My family lived outside Boston from 1954 until 1959, first in Sudbury and then in Lincoln. These were great years for my parents. For five years they were not in Pennsylvania, not yet looking after aging mothers. On their own!
In Sudbury, we lived hear Longfellow’s Wayside Inn.
My parents went to waltzes there. My father wore tails. They danced until 2:00 a.m. and then had friends over for breakfast in the middle of the night. My father made omelets in a cast iron frying pan.
Also near us was the Inn’s old Grist Mill.
And the Country Store. What smells! Penny candy. Many old nickelodeons.
At the end of our road was a Central Casting New England Church. Next to the church was a little red schoolhouse. Sarah Josepha Hale wrote “Mary Had a Little Lamb” in 1930 about a REAL LIFE incident in Sterling, Massachusetts. Henry Ford moved the REAL LIFE schoolhouse to Sudbury.
We moved to Lincoln in 1956. My parents built a house on Winter Street, just off Trapelo Road.
I came of reading age in Lincoln, and of an age to go to the library. Curious George!
We occasionally were sent to church at what I think was a Unitarian congregation.
We often went to Concord, to a toy store there. Every time we went, we stopped at the bridge of the Shot Heard Round the World.
We went swimming in Walden Pond. I was not a good swimmer. As in – I splashed around. I didn’t swim. At all. And I didn’t know Henry David Thoreau from Adam.
Sometimes Benny Shambaugh’s dad took us to the dump (!) and we stopped and had ice cream right near where Paul Revere was captured.
Lots of history around me!
I had a great setting for my Davey Crockett fantasies.
One part of Lincoln that I knew nothing about was the collection of modernist houses there, thanks in large part to the presence of Walter Gropius at Harvard.
I’ll bet we drove by some or all of them once in a while and I’ll bet we scoffed at them. If we did, I regret this.
My father worked at Arthur D. Little in Cambridge.
My mother took my sister and me into Boston and Cambridge a few times a year. First stop was the dentist. Second stop was the swan boats in the Public Garden.
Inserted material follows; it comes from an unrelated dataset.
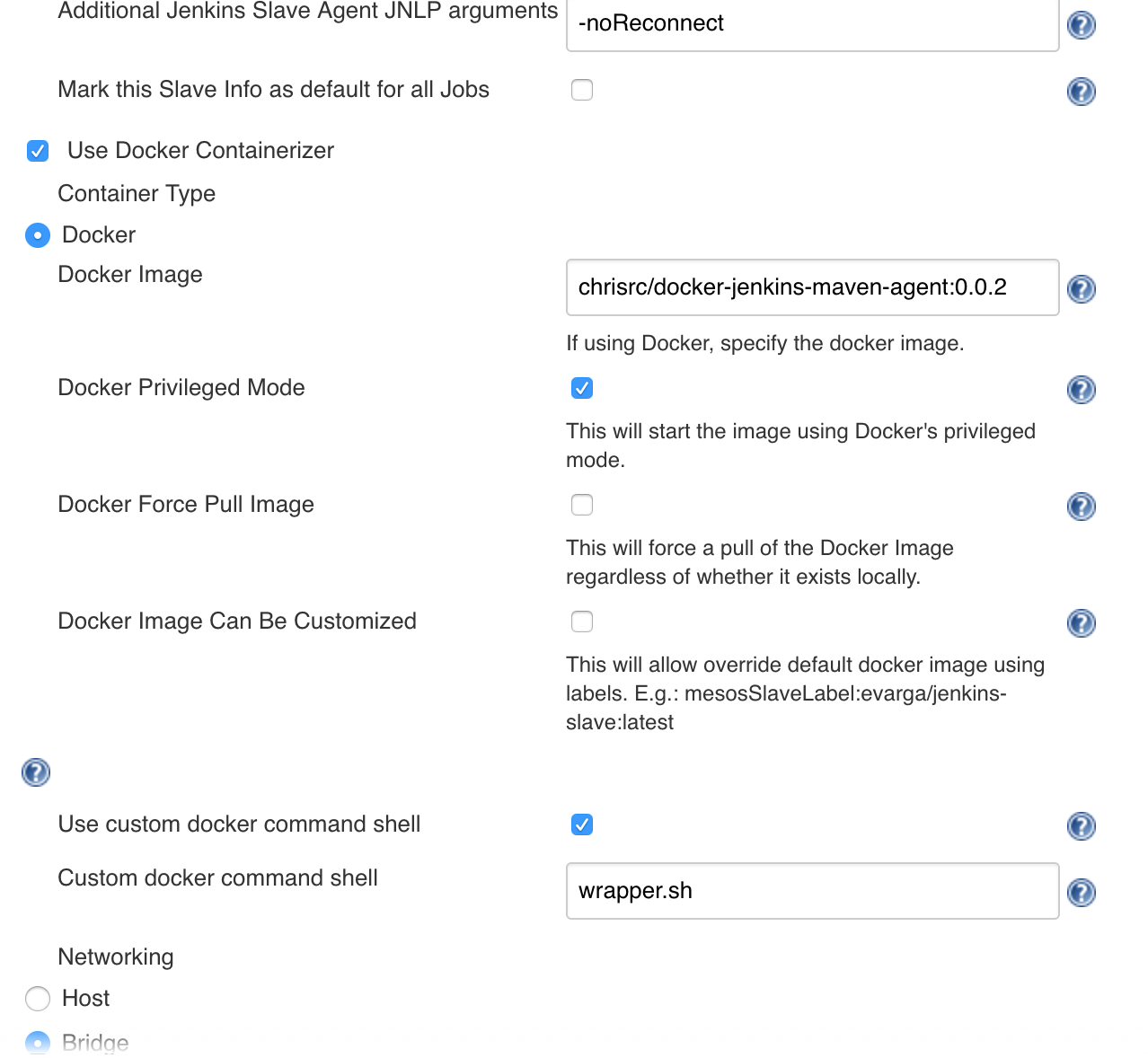 继续点击底部的“高级”按钮,可以自定义启动的Jenkins Slave主机所使用的Docker镜像。默认,Jenkins会使用“mesosphere\/jenkins-dind”镜像文件。注意,可以根据自己的需要,在“mesosphere\/jenkins-dind”镜像的基础上构建自定义的编译环境。

Next stop was S.S. Pierce in Brookline. My mother loved their jarred kumquats in heavy syrup. She had one in her sweet bourbon drink each night.
Then we went to meet my father for lunch at the Wursthaus. Where, closing the loop, there were Dogs Playing Poker prints on the wall. I cannot imagine what I had to eat there, picky eater that I was. I remember my father’s German beer.
Years later, when I got to know Gabby, I learned that as a boy he had spent a couple weeks in the winter of his senior year in high school at Harvard. He eventually settled on going to school in Ames, and he more eventually decided not to go to college but instead to go work for the UFW in Delano. But, the thing is, he had some very fond memories of places he had eaten in Cambridge.
My friend is a serious student of the folk revival. When I showed him these pictures, he focused on the Cambridge ones. To him, Cambridge meant one thing – Club 47 and the folk music played there in the 1950s. Especially Joan Baez.
This was before Gabby’s time, and while it was my time, I was only seven and not really hip to the folk revival going on ten miles from my house. Joan Baez has been a hero to me for a long time.
I drew my friend back to Cardullo’s and The Tasty and the Wursthaus. What did he think of these photos?